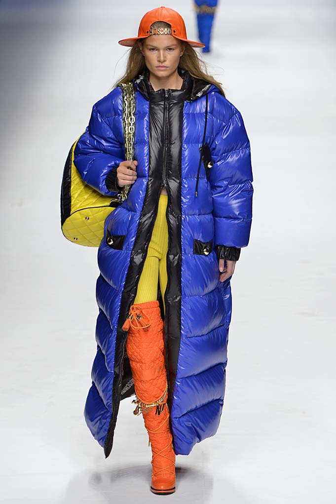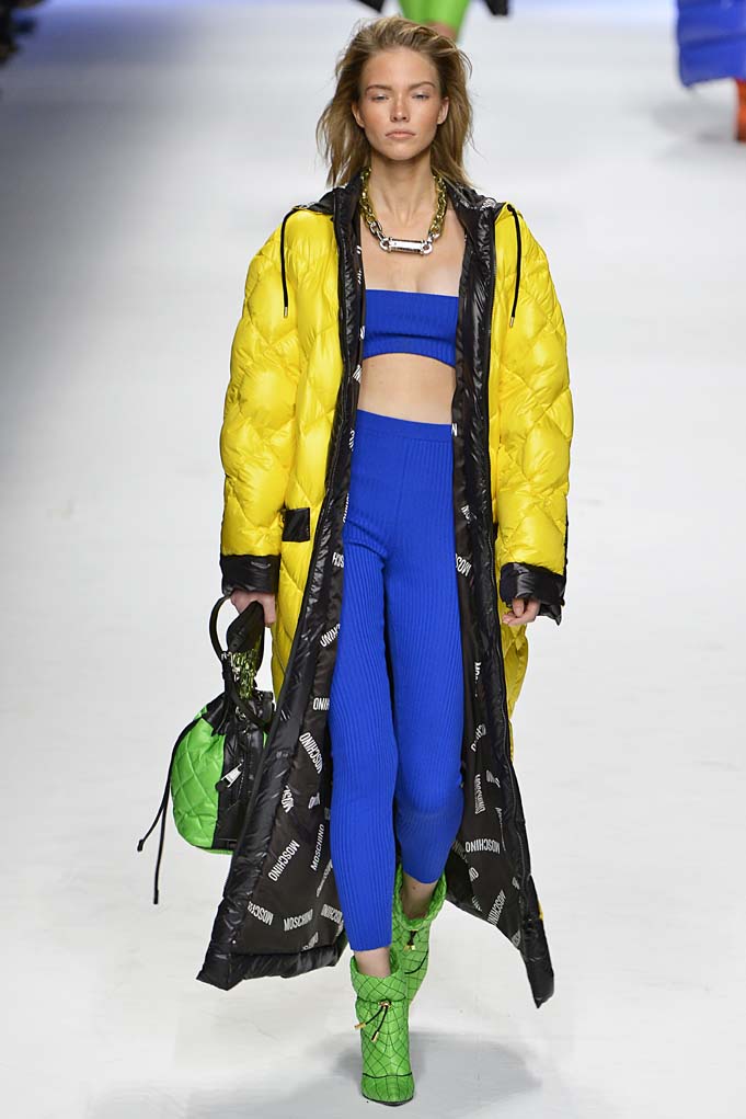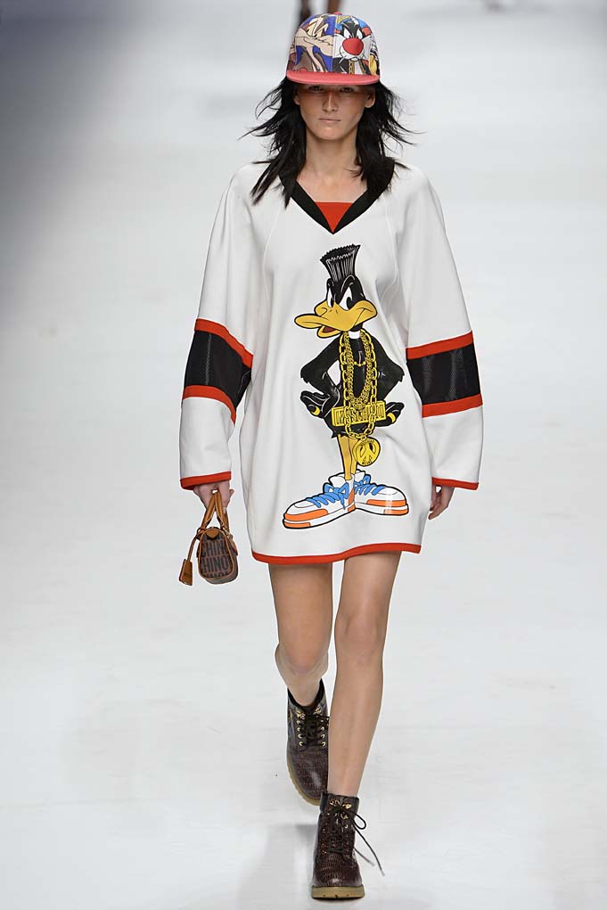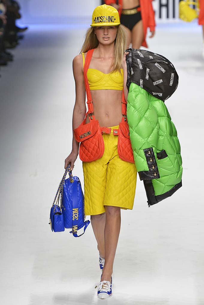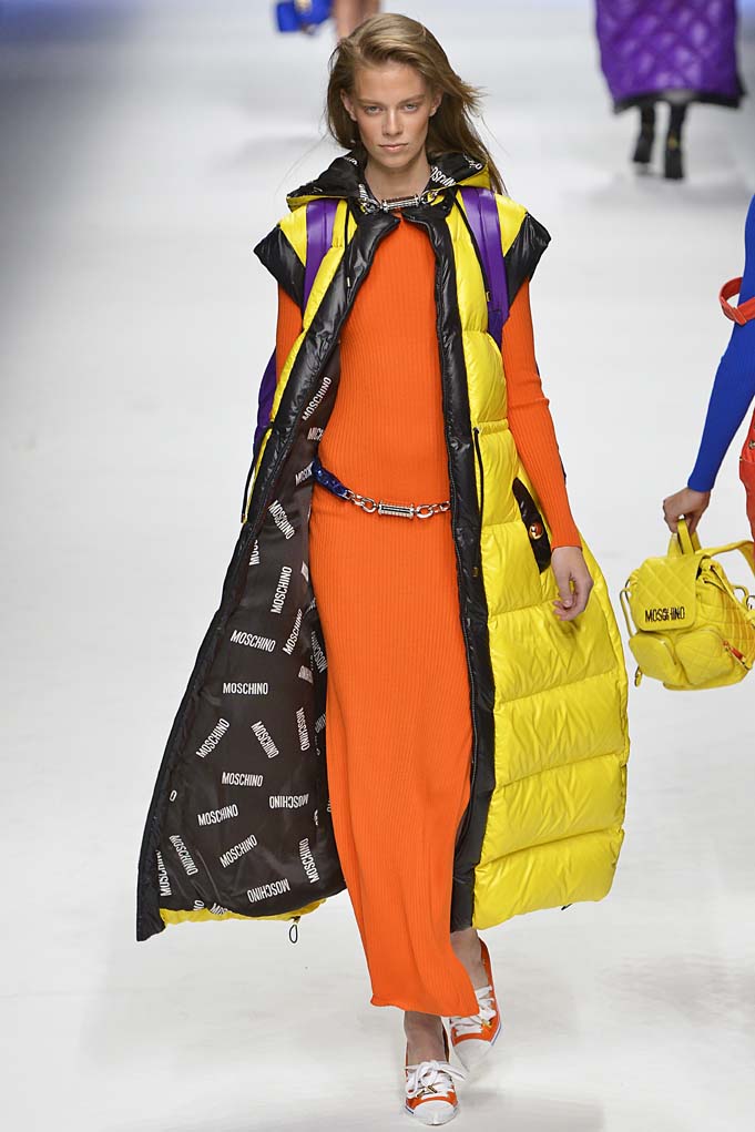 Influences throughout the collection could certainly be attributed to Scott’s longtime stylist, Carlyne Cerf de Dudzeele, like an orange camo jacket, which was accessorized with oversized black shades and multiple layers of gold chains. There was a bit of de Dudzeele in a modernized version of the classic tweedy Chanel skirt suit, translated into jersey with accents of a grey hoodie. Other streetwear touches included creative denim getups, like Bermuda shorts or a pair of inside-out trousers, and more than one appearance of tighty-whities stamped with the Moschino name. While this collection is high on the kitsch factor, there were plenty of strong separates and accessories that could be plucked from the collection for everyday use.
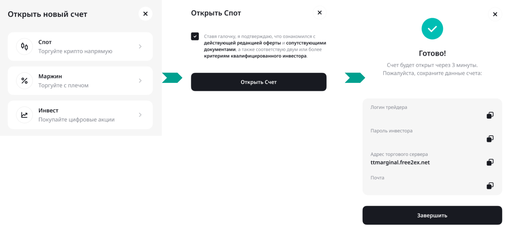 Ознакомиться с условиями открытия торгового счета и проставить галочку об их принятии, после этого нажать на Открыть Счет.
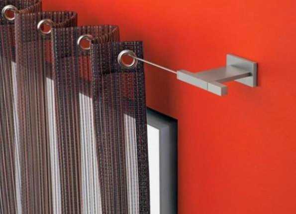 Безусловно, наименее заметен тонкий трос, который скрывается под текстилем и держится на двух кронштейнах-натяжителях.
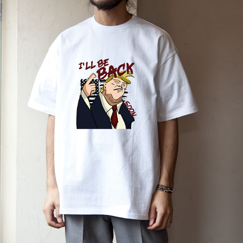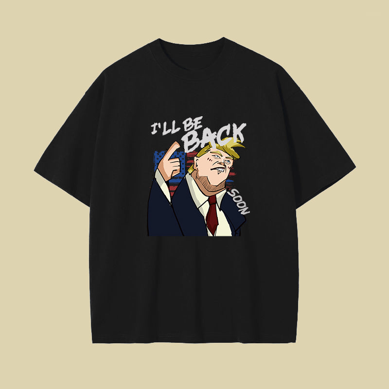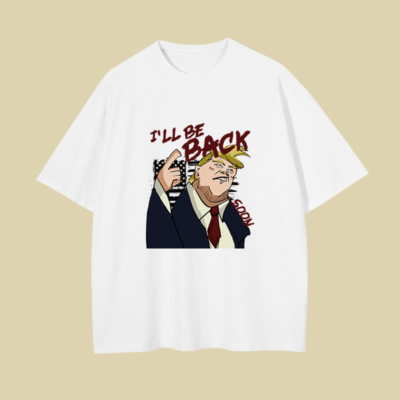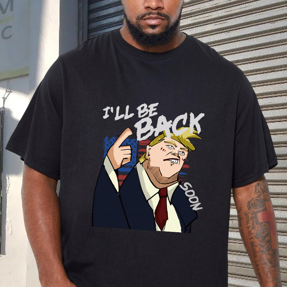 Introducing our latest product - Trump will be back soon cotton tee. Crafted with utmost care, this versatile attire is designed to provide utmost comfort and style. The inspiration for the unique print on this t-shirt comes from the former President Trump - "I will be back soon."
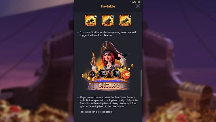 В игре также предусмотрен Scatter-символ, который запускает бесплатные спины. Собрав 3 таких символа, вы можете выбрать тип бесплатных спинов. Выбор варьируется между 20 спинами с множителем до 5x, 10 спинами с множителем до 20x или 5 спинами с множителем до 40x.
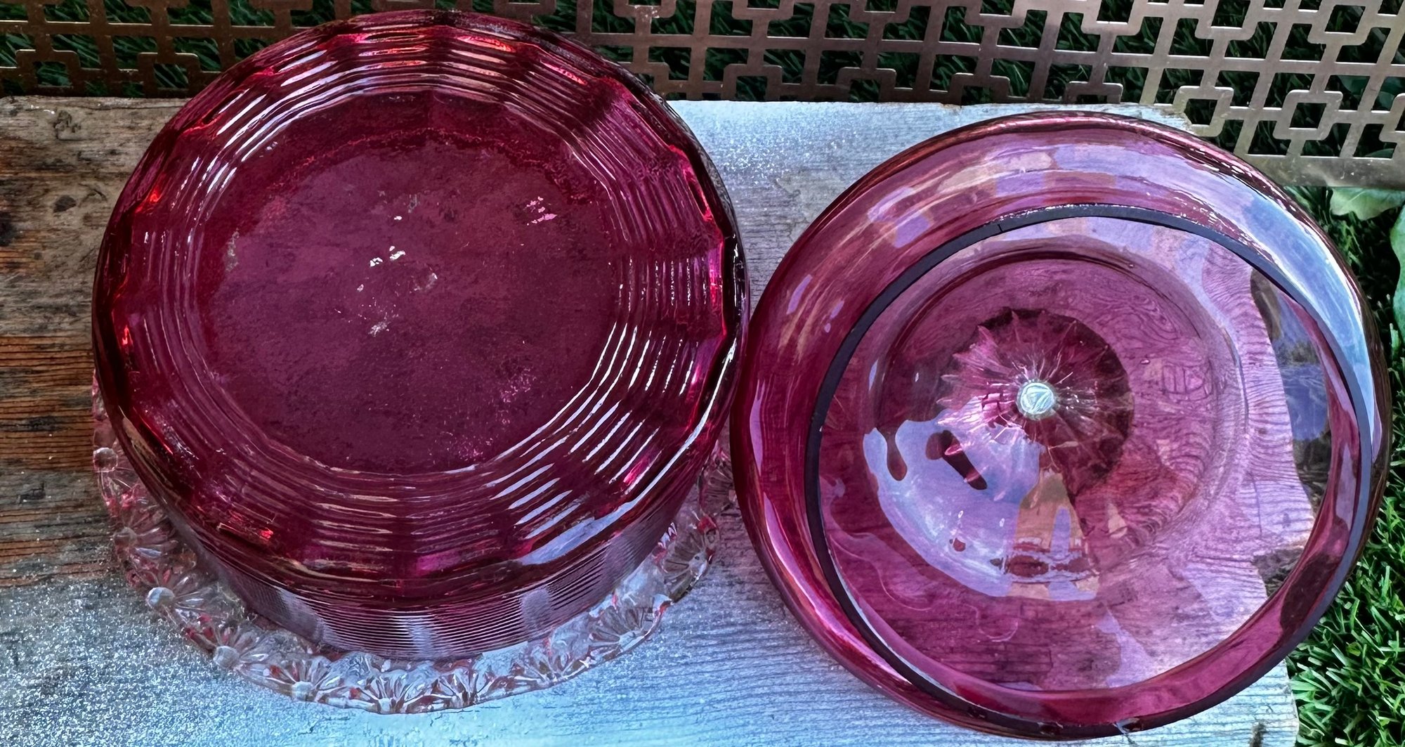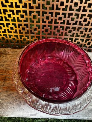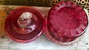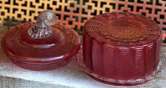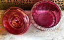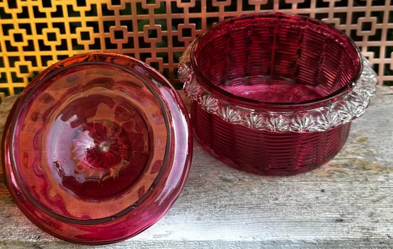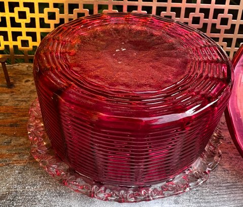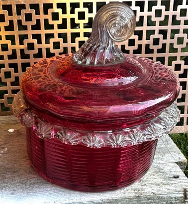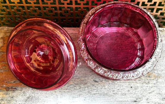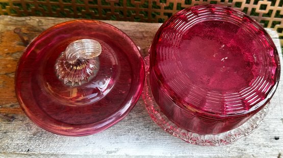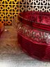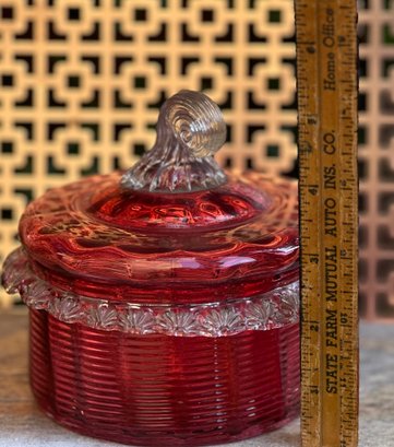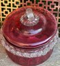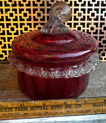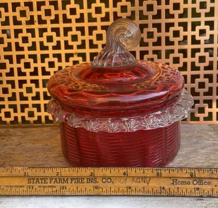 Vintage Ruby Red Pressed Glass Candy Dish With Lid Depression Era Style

*Description of the task*.
Leave the pictures out and reproduce each record exactly as written.

*Task response*.
 Influences throughout the collection could certainly be attributed to Scott’s longtime stylist, Carlyne Cerf de Dudzeele, like an orange camo jacket, which was accessorized with oversized black shades and multiple layers of gold chains. There was a bit of de Dudzeele in a modernized version of the classic tweedy Chanel skirt suit, translated into jersey with accents of a grey hoodie. Other streetwear touches included creative denim getups, like Bermuda shorts or a pair of inside-out trousers, and more than one appearance of tighty-whities stamped with the Moschino name. While this collection is high on the kitsch factor, there were plenty of strong separates and accessories that could be plucked from the collection for everyday use.
 Ознакомиться с условиями открытия торгового счета и проставить галочку об их принятии, после этого нажать на Открыть Счет.
 Безусловно, наименее заметен тонкий трос, который скрывается под текстилем и держится на двух кронштейнах-натяжителях.
 Introducing our latest product - Trump will be back soon cotton tee. Crafted with utmost care, this versatile attire is designed to provide utmost comfort and style. The inspiration for the unique print on this t-shirt comes from the former President Trump - "I will be back soon."
 В игре также предусмотрен Scatter-символ, который запускает бесплатные спины. Собрав 3 таких символа, вы можете выбрать тип бесплатных спинов. Выбор варьируется между 20 спинами с множителем до 5x, 10 спинами с множителем до 20x или 5 спинами с множителем до 40x.
 Vintage Ruby Red Pressed Glass Candy Dish With Lid Depression Era Style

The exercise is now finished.